[Until this opinion appears in the Ohio Official Reports advance sheets, it may be cited as
Disciplinary Counsel v. Nordic Title Agency, Inc., and Hall, Slip Opinion No. 2021-Ohio-
2210.]
NOTICE
This slip opinion is subject to formal revision before it is published in
an advance sheet of the Ohio Official Reports. Readers are requested
to promptly notify the Reporter of Decisions, Supreme Court of Ohio,
65 South Front Street, Columbus, Ohio 43215, of any typographical or
other formal errors in the opinion, in order that corrections may be
made before the opinion is published.
SLIP OPINION NO. 2021-OHIO-2210
DISCIPLINARY COUNSEL v. NORDIC TITLE AGENCY, INC., AND HALL.

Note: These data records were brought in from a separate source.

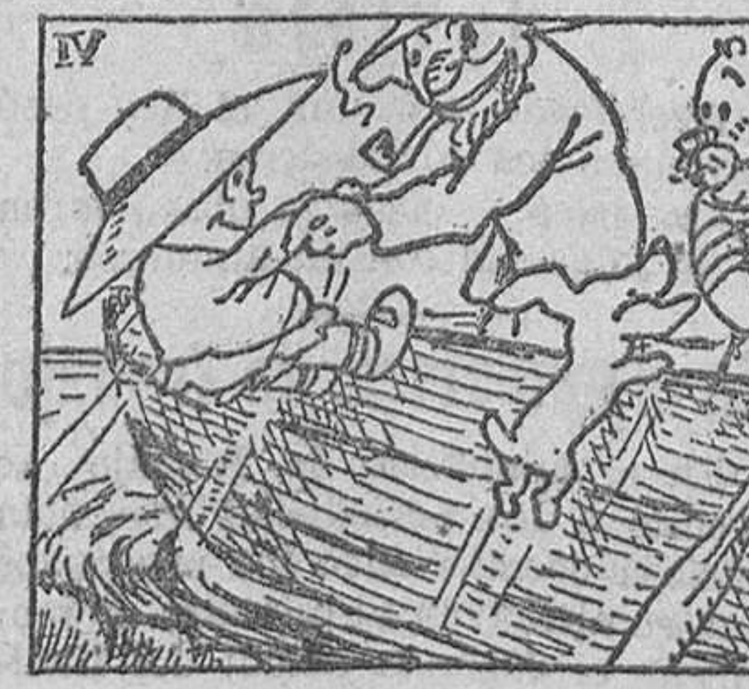
4. ...En una de las cuales fué admitido, encargándose del timón.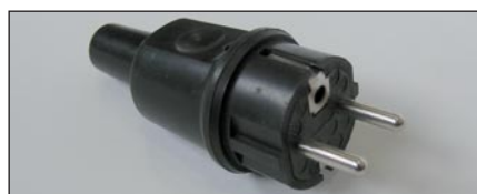
Schuko Vollgummistecker mit zusätzlicher Erdung Kat. Nr. B11619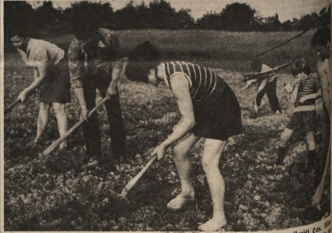
Kar veselje je pogledati na njivo, kjer dela toliko mladih rok. Zdaj je za kmete najhujši čas. Hiti okopavati koruzo, sušiti krmo in še delo v vinogradih jih čaka. Gornja fotografija je bila posneta na Zdolah.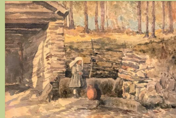
Abbildung Gustav Bauernfeind Mädchen am Brunnen, 1873 bis 1877

Kunststiftung Paul Kälberer Paul-Kälberer-Weg 19 72172 Sulz am Neckar-Glatt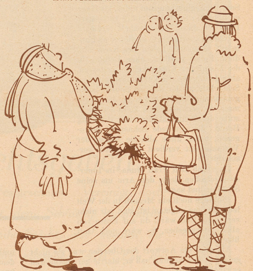
5. Bäumli wo bischt!!!! Bäumli was bescht!!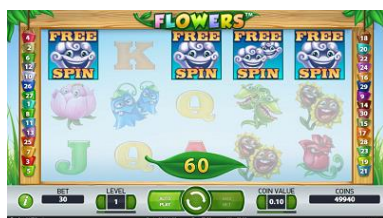
Spuštění režim Free Spins

Jelikož všechny symboly středních výher mohou být zobrazeny jako jednoduché i ve variantě Double, může výherní kombinace v jedné sázkové řadě obsahovat 3–10 shodných symbolů.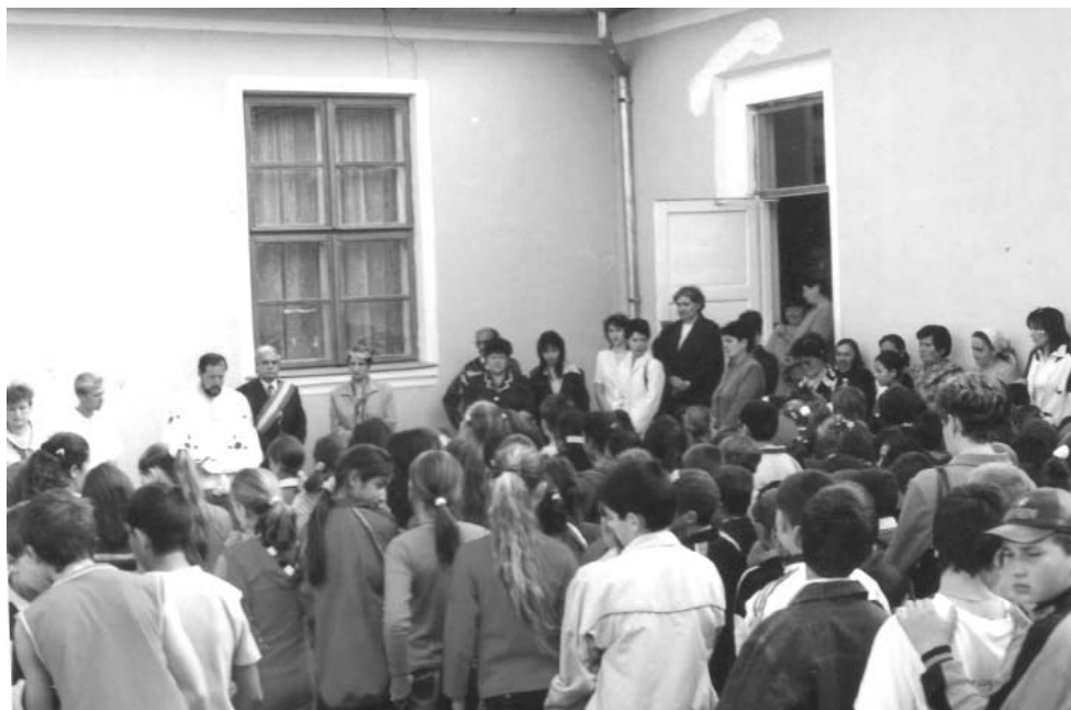
Început de an școlar

[Until this opinion appears in the Ohio Official Reports advance sheets, it
may be cited as Disciplinary Counsel v. Nordic Title Agency, Inc., and Hall,
Slip Opinion No. 2021-Ohio-2210.]
Unauthorized practice of law—Preparing and filing deeds to real property that
were not reviewed by an attorney constitutes the unauthorized practice of
law—Corporate conduct constituting the unauthorized practice of law
cannot be imputed to a corporate officer who has not actively participated
in the conduct—Civil penalty imposed against corporation.
(No. 2021-0246—Submitted March 31, 2021—Decided July 1, 2021.)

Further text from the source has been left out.